You can go to cape San Blas to fish. Anywhere inside the cape. Good spots are anywhere around or behind Pig Island or put in at the State Park on the tip. That is awful big water to paddle across from Mexico Beach. Especially if the tide is running in or out of the bay. It gets real turbulent through the mouth there for a yak.

Another place would be to paddle and fish the Mexico Beach boat canal. Just don't get run over.

Probably the best place is to put in at the Air Force boat ramp in Crooked Island. LOTS of great fishing in there. Lures will get you redfish and trout. Lots of little sharks in there too. http://www.paddling.net/places/showReport.html?1637

I will be down in a week or so and we will be shuttling my yak straight out about 6-8 miles. I plan to troll for some Kings. Or whatever else may be hitting. We have heard of Tuna in that close and have seen some Dolphin/Mahi. We even saw a Sailfish in there once.

I any of the areas that I described, you can use heavy bas gear and should be fine. Maybe take an extra spool of line in case something big grabs you. haha. It happens every now and then. I will say that you are going to have better luck on live or cut bait.

If you go off of Cape San Blas or just off the beach in Mexico beach, you can toss a 3/8oz jig head with a 3-4" white grub. You will slay the ladyfish. No good to eat, but great fun to catch. They jump ALOT! They vary with what they like in a presentation. I've mostly had good luck with letting it hit bottom and making long sweeping pulls with the rod. They will hit it on the fall, so don't let any slack in the line. Sometime they like you to burn it back on the top though. You can also catch Spanish mackerel this same way. They WILL cut you off if you don't have a heavy mono or light steel leader. But they are GREAT to eat.


----------



## Wishicaughtmore (Jun 17, 2013)

Thanks so much for the help guys. I am heading down on July 20th for seven days. I was going to rig it with braided line and thought I would use jigs and flutter spoons. If you just paddle out from the beach early in the morning can you do any good? How much will the wind and tide affect me within a mile of shore?


----------



## slayerextreme (Jan 10, 2012)

go to the Mexico beach artificial reef association.....mbara...lots of good info there


----------



## NoMoSurf (Oct 2, 2007)

If you are wanting to venture off the beach, you should be able to get into Lady fish, and mackerel. Blues too. Fish past the second or third sand bar. You will see them. Also, look at a satellite photo. There is sort of a clover leaf shaped area of deeper water off the end of the pier/boat canal. I generally see a decent amount of bait being "balled" there.

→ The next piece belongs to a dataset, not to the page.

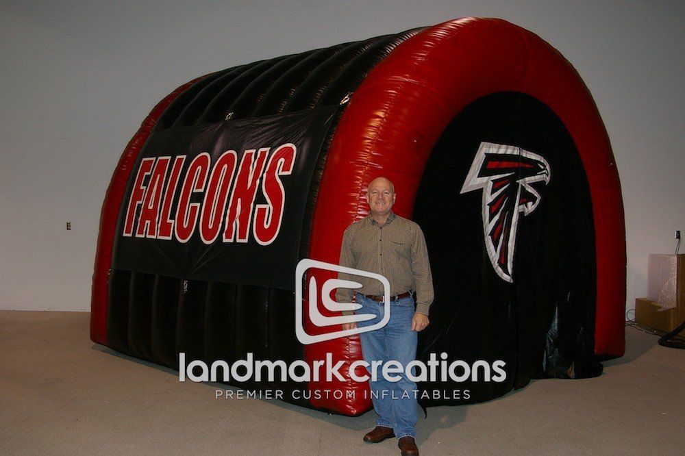 Youth sports association, Fort Worth Falcons, adds fun to playoff games and fundraisers by inflating this custom sports tunnel.

also, if you fish the sand bars. Try a pompano jig, bumped on the bottom. you may pick up a pompano. A tad late in the season for them, but I sometime manage to catch a stragler in July.


----------



## Yellowrivermudder (Dec 22, 2012)

I limited out on straggler pomps on Saturday. lol. They'll be around most of the summer season. Not on lures though...baited set-lines. Good luck fishing Mexico Beach! Post what you catch! We'd like to know. Tight lines! YRM


----------